Alors qu'Ottawa a lancé cet été une campagne sans précédent pour expulser les immigrants criminalisés du Canada, un membre de gang de rue qui devait être renvoyé en Haïti vient d'obtenir la permission exceptionnelle de rester au Québec en raison des conditions difficiles auxquelles font face les criminels comme lui lorsqu'ils retournent dans leur pays natal.

Watson Saint-Félix, 23 ans, est fiché par la police comme membre des Blood Mafia Family de Montréal-Nord, un gang actif dans le trafic de drogues, les vols et les agressions armées.

Arrivé à Montréal à l'âge de 9 ans, il n'a jamais obtenu sa citoyenneté canadienne.

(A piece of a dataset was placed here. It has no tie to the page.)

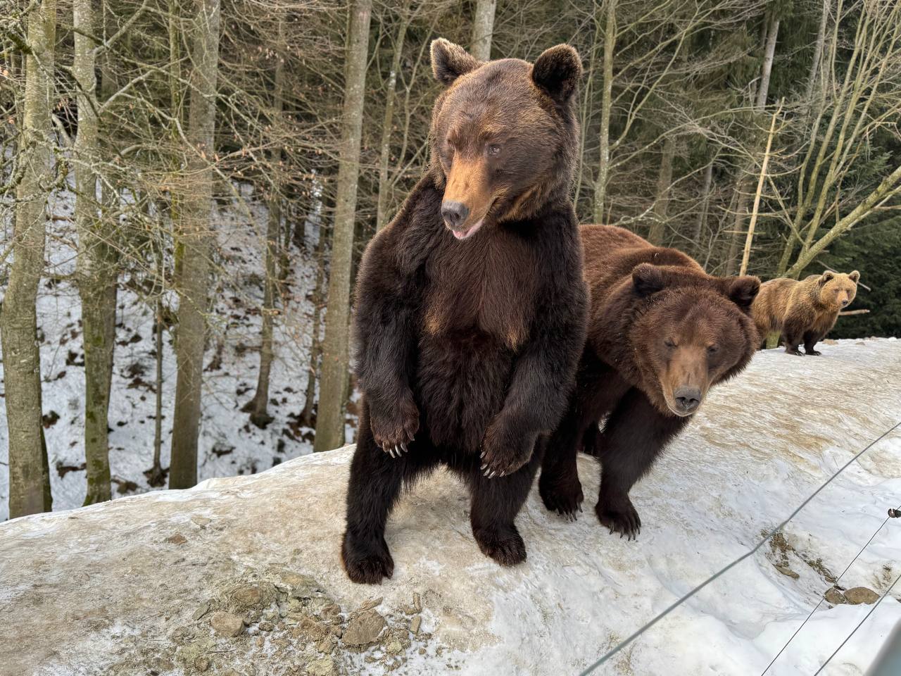 Сьогодні зима ще тримає гори в прохолодних обіймах, однак у Реабілітаційному центрі бурого ведмедя Національного природного парку «Синевир» уже відчувається подих весни. Частина мешканців центру почала поступово виходити зі стану зимової сплячки – цього року вона виявилася коротшою та менш глибокою, ніж зазвичай, інформує НПП «Синевир».

Condamné à trois ans de prison pour vol qualifié, complot et séquestration, il s'est retrouvé interdit de territoire au Canada.

Jusqu'à récemment, il était détenu en attendant son vol vers Haïti. Ses valises étaient même prêtes. Mais le jeune homme a tenté un ultime recours en demandant une «évaluation des risques avant renvoi», procédure par laquelle il pouvait tenter de démontrer qu'il serait en danger dans son pays natal. Ses représentants légaux, Me Stéphane Handfield et son stagiaire Éric Taillefer, ont présenté une montagne de documentation en preuve, dont des rapports montrant que les criminels expulsés sont souvent emprisonnés à leur retour en Haïti. Avec moins d'un mètre carré d'espace par détenu, peu d'hygiène et de soins de santé, les prisons haïtiennes sont des incubateurs de maladies.

Le fonctionnaire responsable a été convaincu et permet donc à Watson Saint-Félix de rester au Canada, en liberté: «Compte tenu des conditions dangereuses dans les centres de détention, l'épidémie de choléra à travers le pays et dans les prisons et le manque d'accès aux soins médicaux pour les détenus, je suis d'avis que cette détention corresponderait à une menace à la vie ou à des traitements cruels et inusités pour le demandeur», écrit le fonctionnaire dans sa décision.

Rien pour plaire au gouvernement conservateur et à son ministre de l'Immigration, Jason Kenney.

«Nous trouvons cela frustrant lorsque les décideurs permettent à des criminels dangereux de marcher en liberté dans nos rues», a dit une porte-parole du ministre, Alexandra Fortier.